Structural equation models, spring 2013
This is a basic, non-mathematical, application-oriented course of SEM using Mplus. It is primarily targeted to master's/doctoral students of Social Sciences, who have no prior knowledge of SEM. The course is also suitable for master's students of Statistics (Social Statistics, Psychometrics). The number of participants is limited to maximum of 20. (The software licence policy may set further limitations in practice.)
Before the course you should have fairly good practical skills of Factor Analysis and Regression Analysis. The Mplus software will be available in the computer class only (University has no home licences of Mplus).
We will closely follow a book by Barbaba M. Byrne, and learn its most central topics through empirical examples:
- The plan is to begin by going through the chapters 1 and 2 (first week).
- The main focus will then be on the chapters 3, 4, 6, 7 and 9 (one week for each).
- The chapters 5 and 8 will serve for optional assignments (see below).
- (The chapters 10-12 will be excluded.)
If you decide to take this course, it is most recommended to buy the book as soon as possible. (It may be quite difficult to follow the course without the book, although I will share some material and notes based on it). We will use Moodle for sharing the materials, your reports etc.
The course is scheduled on period IV, starting in March and ending in April/May.
It is essential to participate on the lectures and the computer classes. Both will begin on 12th of March. The last lecture will be on 24th of April. No teaching on 2nd and 3rd of April (Easter break).
- Lectures on Tuesdays and Wednesdays at 8-10 (Unioninkatu 37, seminar room 4).
- Computer class on Tuesdays at 10-12 (Snellmaninkatu 12, IT classroom 110).

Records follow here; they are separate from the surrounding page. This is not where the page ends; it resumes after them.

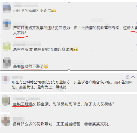 针对“所谓税筹专家”筹划避税,网友评价亮了: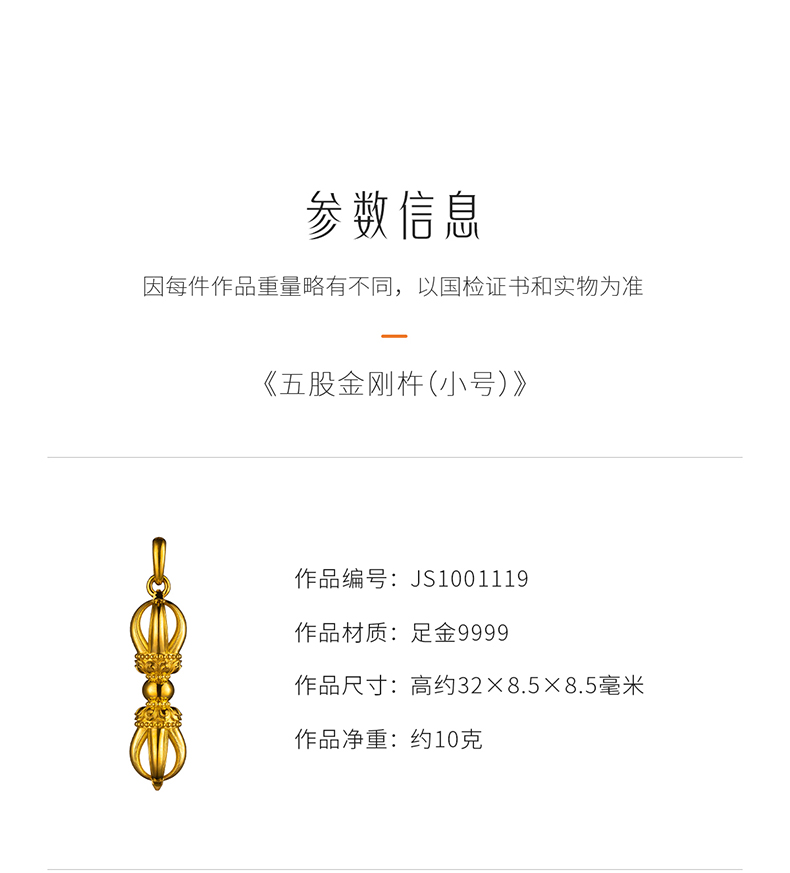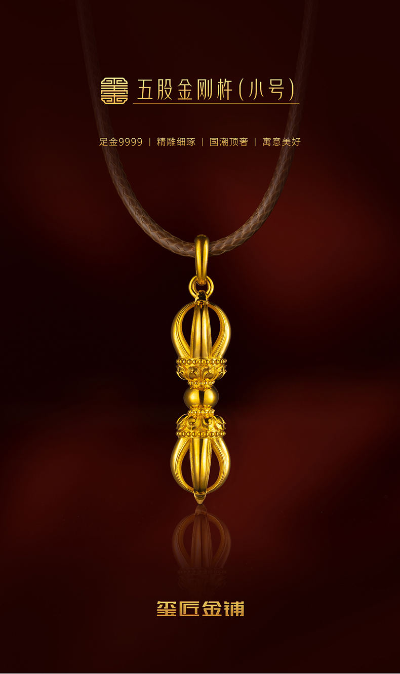 玺匠金铺《五股金刚杵(小号)》足金9999 黄金吊坠挂件礼物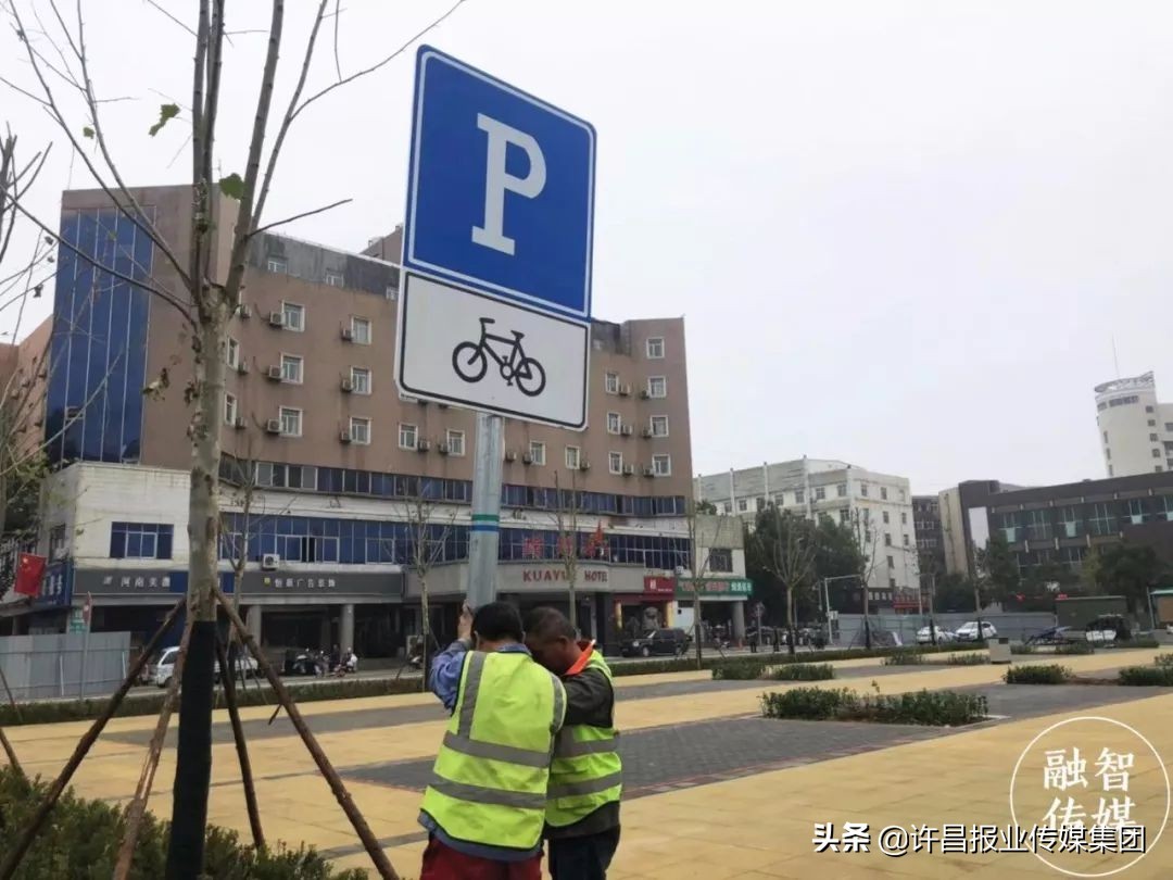 (市政实业集团有限公司施工人员正在安装指示牌)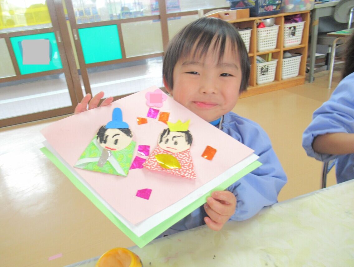 ☆お内裏様とお雛様をひしもちの画用紙に貼り、先日はさみで切ったキラキラの折紙も貼って、すてきな作品ができていました✨

There is no exam, as this is learning by doing and practicing. Credits will be earned as follows (more details during the course):
- 6 cu: active participation, weekly reports (based on chapters 3,4,6,7,9)
- 8 cu: all of the above plus an optional report (based on chapter 5 or chapter 8 or perhaps own data)
Grading will be based on the active participation as well as the quantity and quality of the assignment reports.